Photo: Linda A. Cicero

Linguist Yoshiko Matsumoto had a clear plan for her fellowship year at the Stanford Humanities Center.

Freed of her responsibilities as chair of the department of Asian languages, she finally would have time to analyze hours and hours of taped interviews with elderly Japanese women, looking for signs of age discrimination in a society where 20 percent of the population is over 65. Matsumoto had outlined chapters for her project, “Understanding and Misunderstanding Discourse of Elderly Japanese Women,” and was looking forward to the solitude of her new office. “I wanted to use the time to think, rather than always produce, produce, produce.”

Matsumoto is one of seven Stanford faculty on Humanities Center fellowships this academic year. Eight faculty from other colleges and universities also are in residence, along with graduate students working on dissertations, and the occasional undergraduate.

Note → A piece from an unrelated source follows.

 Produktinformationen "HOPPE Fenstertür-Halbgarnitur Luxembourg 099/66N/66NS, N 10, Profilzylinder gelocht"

Founded in 1980, the center also hosts interdisciplinary research workshops and public events.

This year’s faculty fellows come from a swath of disciplines across the humanities: music, anthropology, English, art, history, philosophy, religion and linguistics, as well as Asian languages. “In the beginning, we were complaining about the lunches that we had to have together,” says Matsumoto, who typically hunkers down to read incoming e-mail in her office while she munches on a sandwich. “We thought, ‘We have to talk with all these people?’”

But talk they do, over lunch, every day. “I’d forgotten that I enjoy those things,” Matsumoto says. “How civilized it is to have conversations—some of them intellectual, and some of them quite silly—rather than just go through the day.”

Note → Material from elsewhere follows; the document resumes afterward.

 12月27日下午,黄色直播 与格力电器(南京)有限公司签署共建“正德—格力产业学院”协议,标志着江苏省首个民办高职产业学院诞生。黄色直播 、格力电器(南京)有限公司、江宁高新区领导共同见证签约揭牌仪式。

In early February, it was Matsumoto’s turn to give a presentation about her research project to the assembled lunchroom crowd. She talked about how elderly women in Japan are seen as separate from—even invisible to—the general populace, and as heavy consumers of health and social services. Young interviewers who had talked with women in their 70s identified them as being in ill health, lonely and disengaged. The interviewers categorized many of the women’s statements as “painful self-disclosure” (PSD).

But when Matsumoto listened to the same tapes, she heard women telling comical stories about their husbands, and laughing about a handsome young man at a spa they frequented. The PSD perceptions, Matsumoto suggested, “exist only in the younger generation’s imagination, not in elders’ lives.”

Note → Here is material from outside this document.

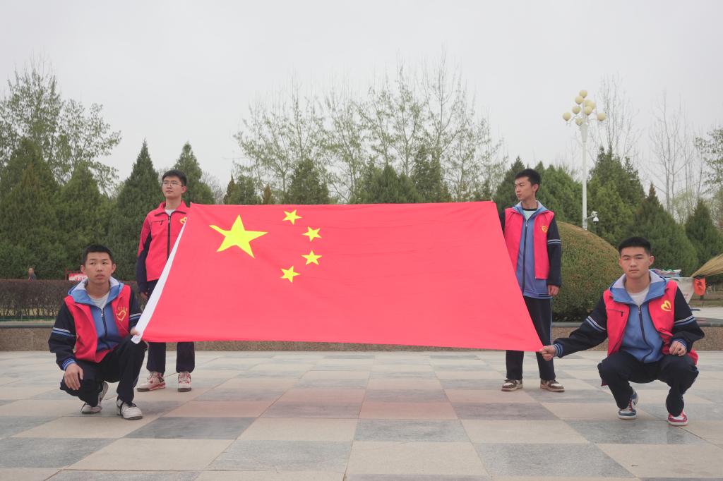 同学们整齐列队,怀着对革命先辈们的崇高敬意和无限哀思,庄重地唱响国歌。

Matsumoto wondered aloud if elders, whose lives are in transition, might be compared with adolescents. And that’s when the surprises began, with faculty from distant fields asking questions that had struck them.

English professor Rob Polhemus, a specialist in 19th-century British literature, suggested that the Victorians had seen old age not as a period of disease and senility, but simply as one more stage of life. Art historian Bryan Wolf referred Matsumoto to the work of historian Carroll Smith-Rosenberg, who has studied ordinary women from 1800s American society. And Wendy Larson, a professor of East Asian languages at the University of Oregon, spent considerable follow-up time in Matsumoto’s office, discussing parallels in contemporary Chinese culture. “What’s quite amazing is that people who are not in your field are very helpful intellectually,” Matsumoto says.

As a result of her conversations with colleagues at the center, Matsumoto is rethinking how to frame her research, perhaps examining foundational friendships among women. “It’s said that in the States, women may feel more rivalry,” she says. “I don’t know how true that is, but in Japan it’s not as pronounced, and friendship is very important when we’re old.”

As her sabbatical year nears an end, Matsumoto says that although she may not have written the chapters she intended, “I’m left with something bigger.” The direction of her research is changing, her ideas are expanding, and she’s once again feeling the excitement of the intellectual process. “I feel like I’m living.”